Racing and Sports Today

By: John Piesen


I must confess there are days when I feel ashamed that I spent my life as a newspaper journalist.

I’ve had several of those days recently.

Consider the following stories that found its way to page one:

----Brittany got married and unmarried in Las Vegas to a college football player from her native

Louisiana. I know I don’t care. And everyone – adult and kid – I’ve discussed this subject with

could care less than I care. I feel embarrassed spending 100 words to write about this.

----Pete Rose admitted he bet on baseball. For goodness stake, the Newark (N.J.) Star Ledger on

Tuesday ran a screaming three-column photo and the following headline across the top of page one:

“Rose says it’s so: I bet”

I devoted a whole column to the Pete Rose Story on this web site a year back (check the archives),

and I pretty much spelled out my position there. Basically, I believe that Pete Rose a) is an

arrogant, miserable human being, and b) he belongs in the Hall of Fame.

Now, I want to make three quick points:

----Do you really believe for a minute that Pete Rose is the only baseball figure to bet on baseball?

----Is betting on baseball worse than a coked-up Doc Gooden throwing a 100-mph fast ball at some

poor schnook’s head?

----Lawrence Taylor just wrote his biography in which he brags about the drugs, booze and women he

encountered during his NFL career? Different sport of course, but why is Rose treated like a

murderer, and Taylor a hero?

This brings us to last week’s bowl games.

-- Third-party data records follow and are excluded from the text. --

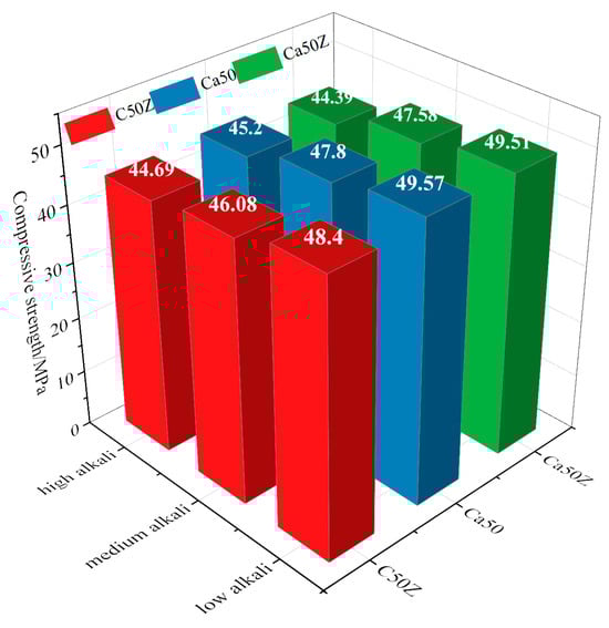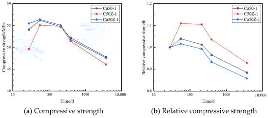 Figure 6 shows the compressive strengths of C50Z-1, Ca50-1, and Ca50Z-1 under immersion in standard alkali solution at 38 °C at intervals of 0 days, 28 days, 182 days, 365 days, and 3650 days. For C50Z-1, the compressive strengths were 49.61 MPa, 55.05 MPa, 54.8 MPa, 51.39 MPa, and 46.08 MPa, respectively; for Ca50-1, they were 54.04 MPa, 56.17 MPa, 54.71 MPa, 52.17 MPa, and 47.8 MPa, respectively; and for Ca50Z-1, they were 55.45 MPa, 56.35 MPa, 55.05 MPa, 51.76 MPa, and 47.58 MPa, respectively. The compressive strength of the HPC generally increased when soaked for 28 days compared to the initial compressive strength, followed by a decreasing trend after 182 days. The increase in strength observed in the first 100 days of exposure to an aggressive environment is possibly associated with the accumulation of the products of interactions between the cement stone and the aggressive environment, which is convincingly shown in reference []. This indicates that the compressive strength of HPC immersed in standard alkali solution at 38 °C for a year undergoes an initial increase followed by a decline. The compressive strength of most mixtures reaches its peak after the 28-day immersion treatment, subsequently showing a continual decrease. The reduction in compressive strength from its peak to the values observed after 10 years of immersion is calculated as 16.29%, 14.90%, and 15.56% for C50Z, Ca50, and Ca50Z, respectively.
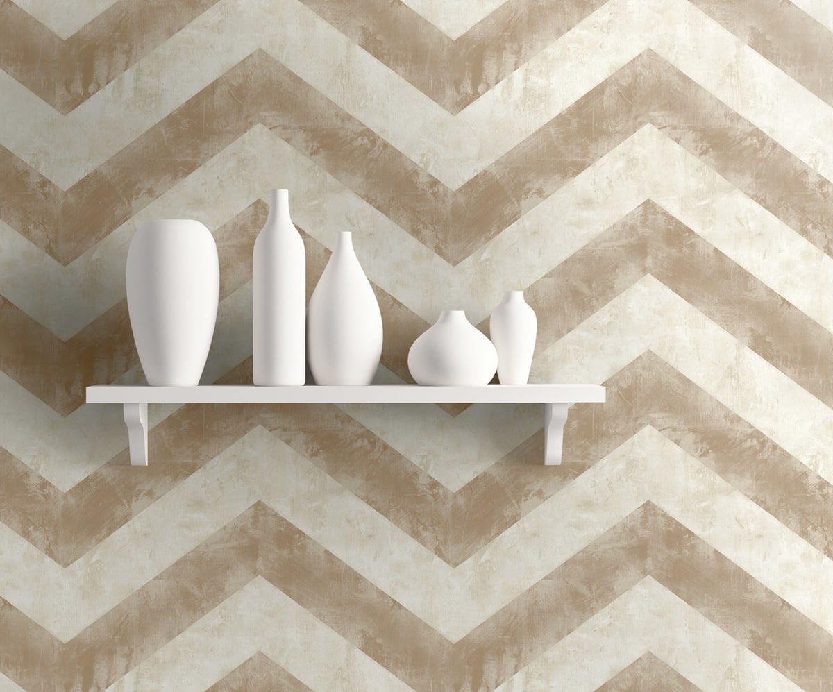 Hubble Chevron – Metallic Taupe and Ivory | Browns and Taupes Geometrics Wallpaper for Office, Accent Wall, and Dining Room
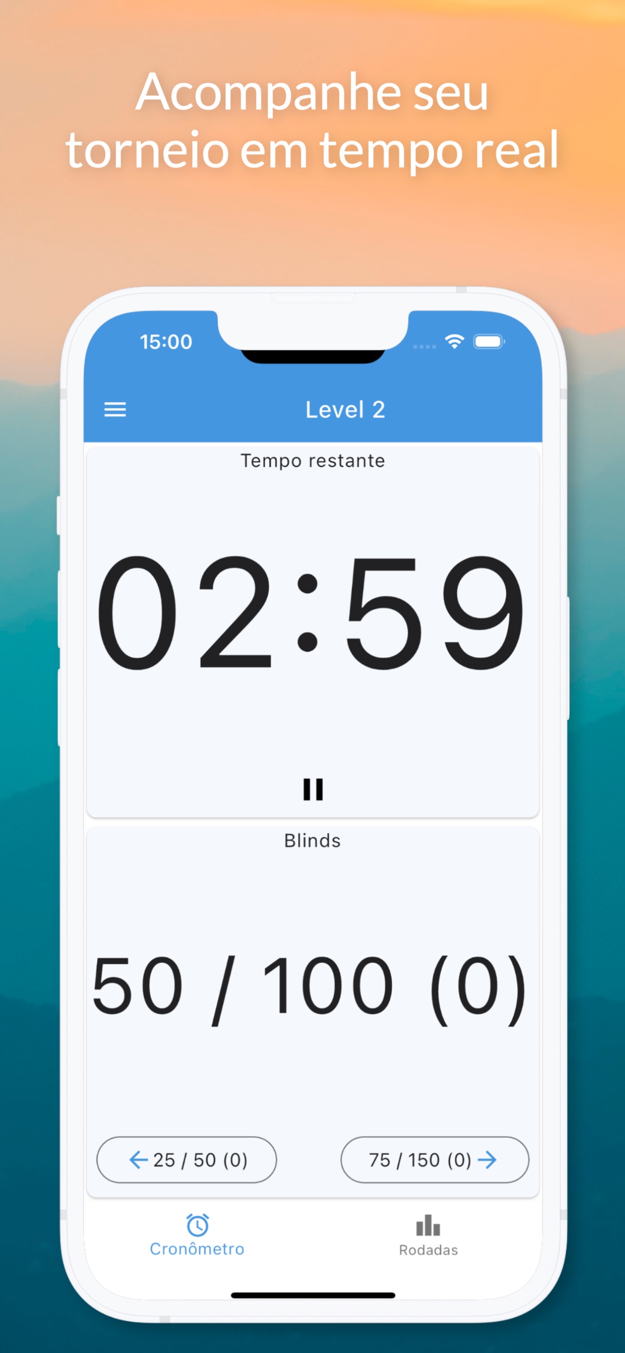 Configure a estrutura do seu jogo, comece e pause quando quiser! Você será alertado na alteração das rodadas e ainda poderá manter a tela do dispositivo sempre ligada para acompanhar!

Overall, I was – for selfish reasons – happy with the results since, if you’re not keeping score at home, I

had 18 winners (including USC and LSU) from 28 games on my site at www.vegassportsmasters.com.

That said, I couldn’t take the announcers, the coaches, the celebrating and the officiating. All get Fs.

With rare exceptions, every announcer spent his time giggling and telling us how great every player and

every coach is. Rarely did they dare to criticize anyone, and rarely do they come up for air. The worst of

course was the ageless Brent Mussburger, who spent four hours Sunday evening telling us what a great

game (LSU-Oklahoma) we were watching when it was obvious both teams were awful.

No player was more awful than Oklahoma QB Jason White, whose performance made you wonder what

the Heisman voters were looking at. I saw at least a dozen better QBs during the bowl season, and is

it any wonder why this guy is projected as no better
than a sixth-round draft pick by the NFL?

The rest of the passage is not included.